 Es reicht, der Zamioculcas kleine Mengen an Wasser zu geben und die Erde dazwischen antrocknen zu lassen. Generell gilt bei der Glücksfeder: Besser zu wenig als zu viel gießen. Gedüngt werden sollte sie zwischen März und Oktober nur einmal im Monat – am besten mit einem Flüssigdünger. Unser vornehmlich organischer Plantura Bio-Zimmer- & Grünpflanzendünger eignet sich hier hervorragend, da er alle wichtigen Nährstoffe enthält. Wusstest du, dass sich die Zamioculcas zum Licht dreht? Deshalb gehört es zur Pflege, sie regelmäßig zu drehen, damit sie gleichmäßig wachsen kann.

==

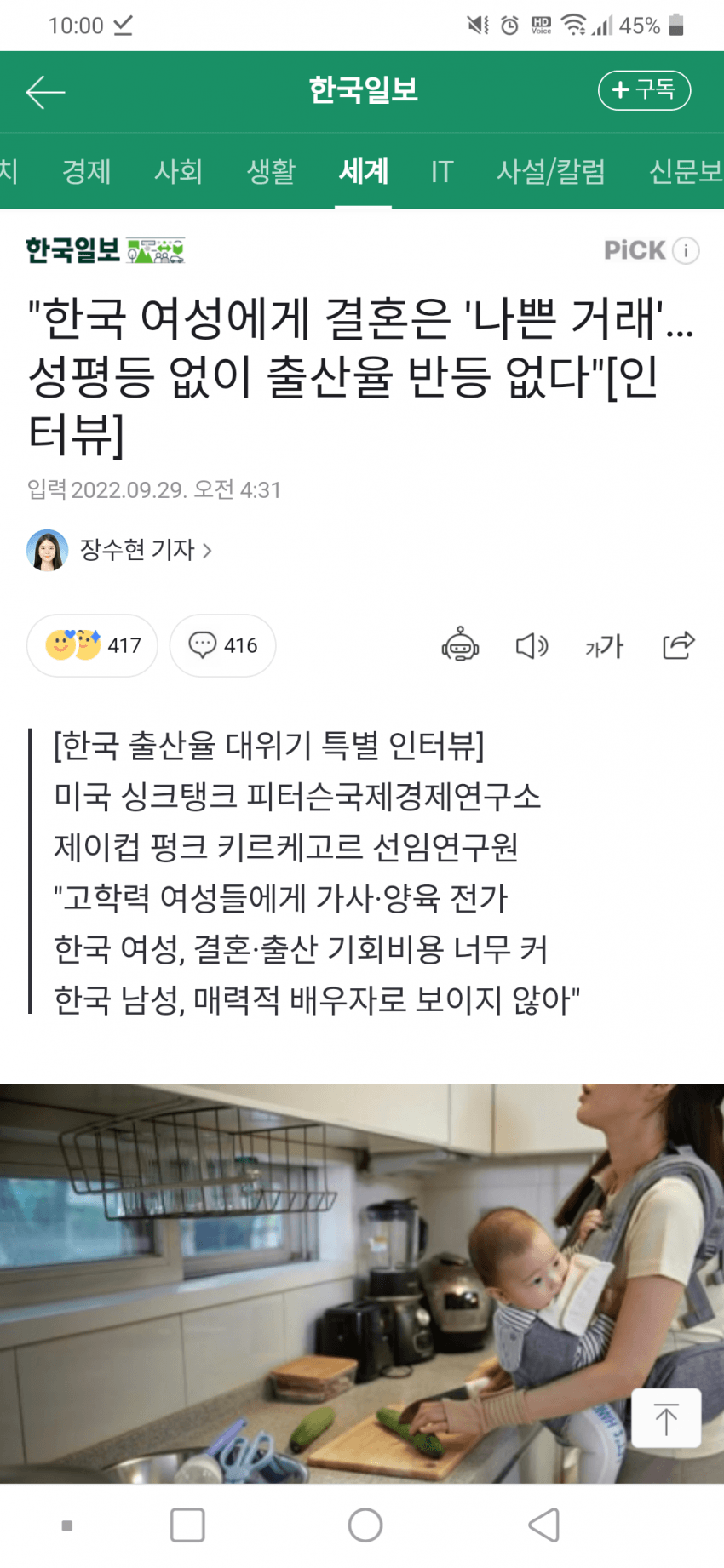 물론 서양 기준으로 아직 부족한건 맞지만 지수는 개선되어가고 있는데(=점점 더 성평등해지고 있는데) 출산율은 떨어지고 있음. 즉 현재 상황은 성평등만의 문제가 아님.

---

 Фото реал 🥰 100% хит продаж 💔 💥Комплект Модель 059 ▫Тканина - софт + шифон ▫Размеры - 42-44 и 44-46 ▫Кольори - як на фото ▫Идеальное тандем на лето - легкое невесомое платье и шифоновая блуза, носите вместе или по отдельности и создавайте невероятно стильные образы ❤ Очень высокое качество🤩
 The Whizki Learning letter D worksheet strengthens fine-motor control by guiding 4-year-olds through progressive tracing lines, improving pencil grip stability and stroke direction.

- [TASK ITEM] When you reach the line with "Фото реал 🥰" in the records above, start writing out lines exactly, and stop once the line with "The Whizki Learning" has been written; include nothing else.

- [SOLUTION]
 Фото реал 🥰 100% хит продаж 💔 💥Комплект Модель 059 ▫Тканина - софт + шифон ▫Размеры - 42-44 и 44-46 ▫Кольори - як на фото ▫Идеальное тандем на лето - легкое невесомое платье и шифоновая блуза, носите вместе или по отдельности и создавайте невероятно стильные образы ❤ Очень высокое качество🤩
 The Whizki Learning letter D worksheet strengthens fine-motor control by guiding 4-year-olds through progressive tracing lines, improving pencil grip stability and stroke direction.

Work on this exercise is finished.